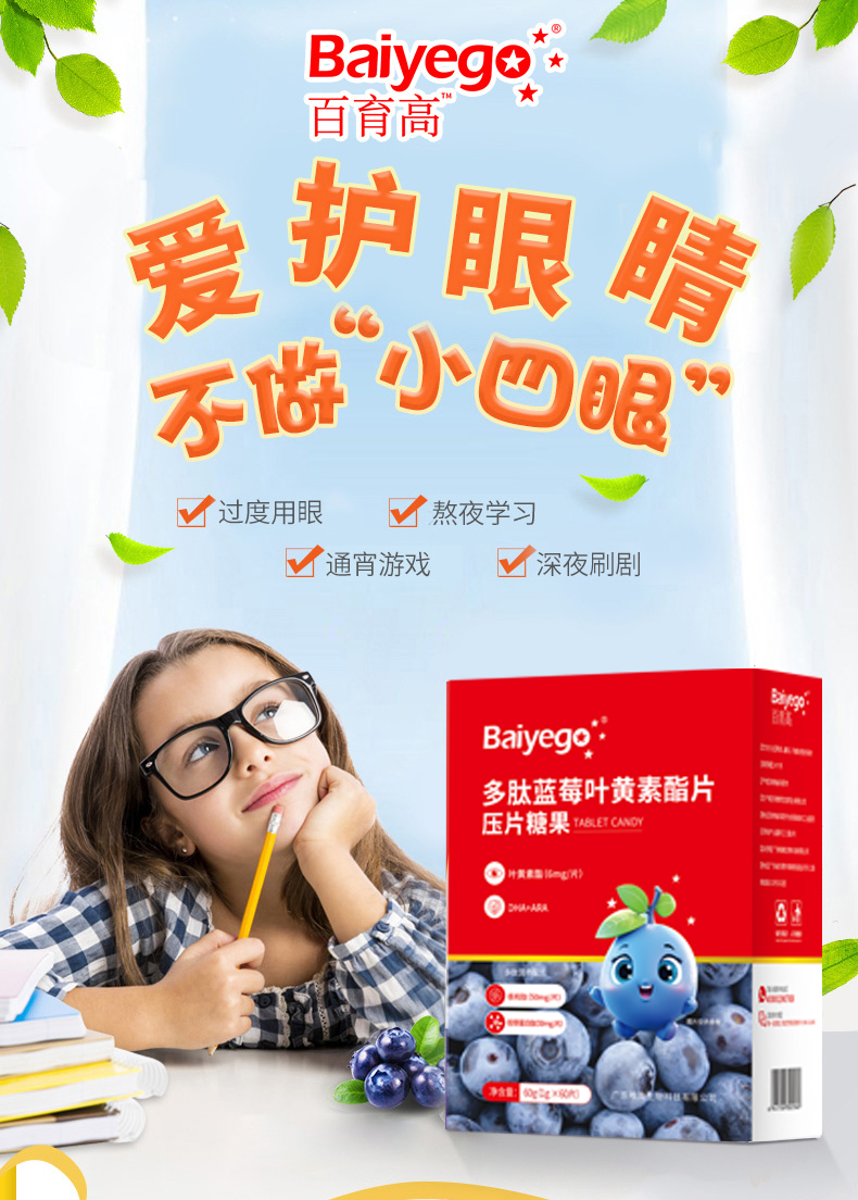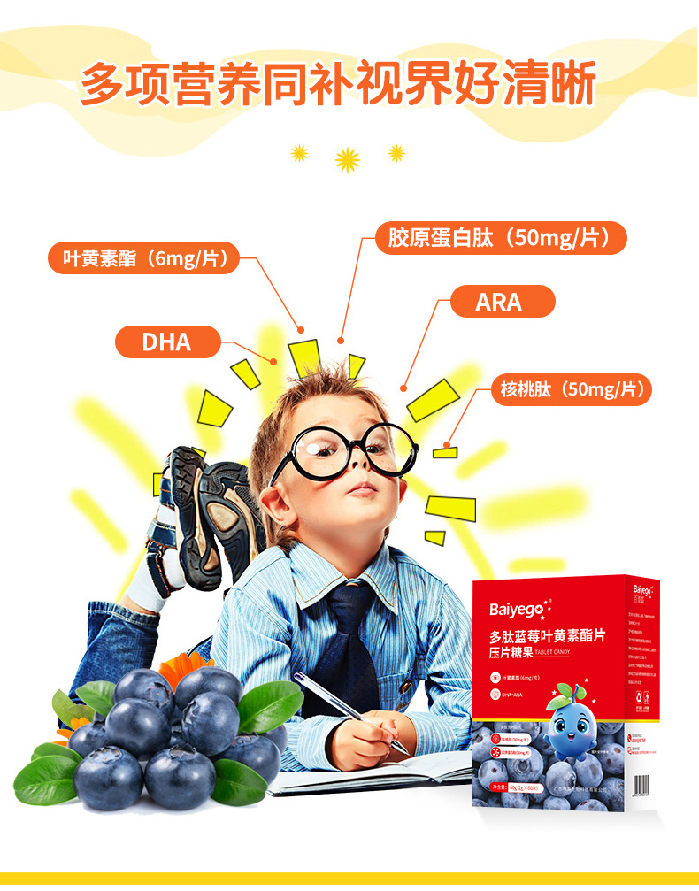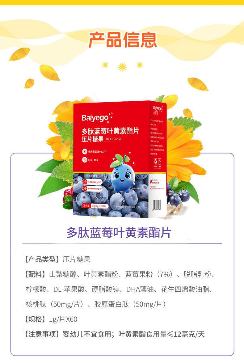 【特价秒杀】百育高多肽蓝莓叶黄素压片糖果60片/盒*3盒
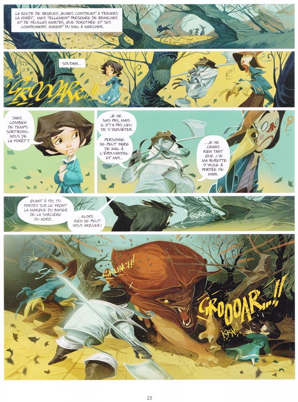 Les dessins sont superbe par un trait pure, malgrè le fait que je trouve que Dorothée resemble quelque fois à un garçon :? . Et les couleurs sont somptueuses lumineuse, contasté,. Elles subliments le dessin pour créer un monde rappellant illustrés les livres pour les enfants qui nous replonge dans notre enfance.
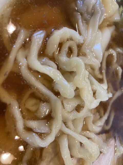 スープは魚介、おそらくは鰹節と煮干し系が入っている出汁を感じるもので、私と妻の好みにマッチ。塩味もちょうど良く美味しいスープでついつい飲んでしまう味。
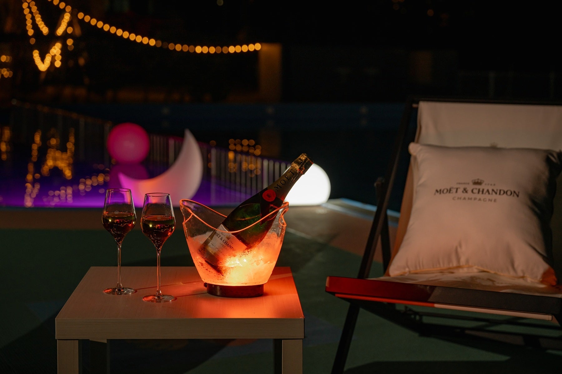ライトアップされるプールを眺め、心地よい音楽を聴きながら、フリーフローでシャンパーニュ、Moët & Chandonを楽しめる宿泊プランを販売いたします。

========================================

**Directions for this task:**
Without changing a word, transcribe all of the data and omit its images.

**Exercise answer:**
 【特价秒杀】百育高多肽蓝莓叶黄素压片糖果60片/盒*3盒
 Les dessins sont superbe par un trait pure, malgrè le fait que je trouve que Dorothée resemble quelque fois à un garçon :? . Et les couleurs sont somptueuses lumineuse, contasté,. Elles subliments le dessin pour créer un monde rappellant illustrés les livres pour les enfants qui nous replonge dans notre enfance.
 スープは魚介、おそらくは鰹節と煮干し系が入っている出汁を感じるもので、私と妻の好みにマッチ。塩味もちょうど良く美味しいスープでついつい飲んでしまう味。
ライトアップされるプールを眺め、心地よい音楽を聴きながら、フリーフローでシャンパーニュ、Moët & Chandonを楽しめる宿泊プランを販売いたします。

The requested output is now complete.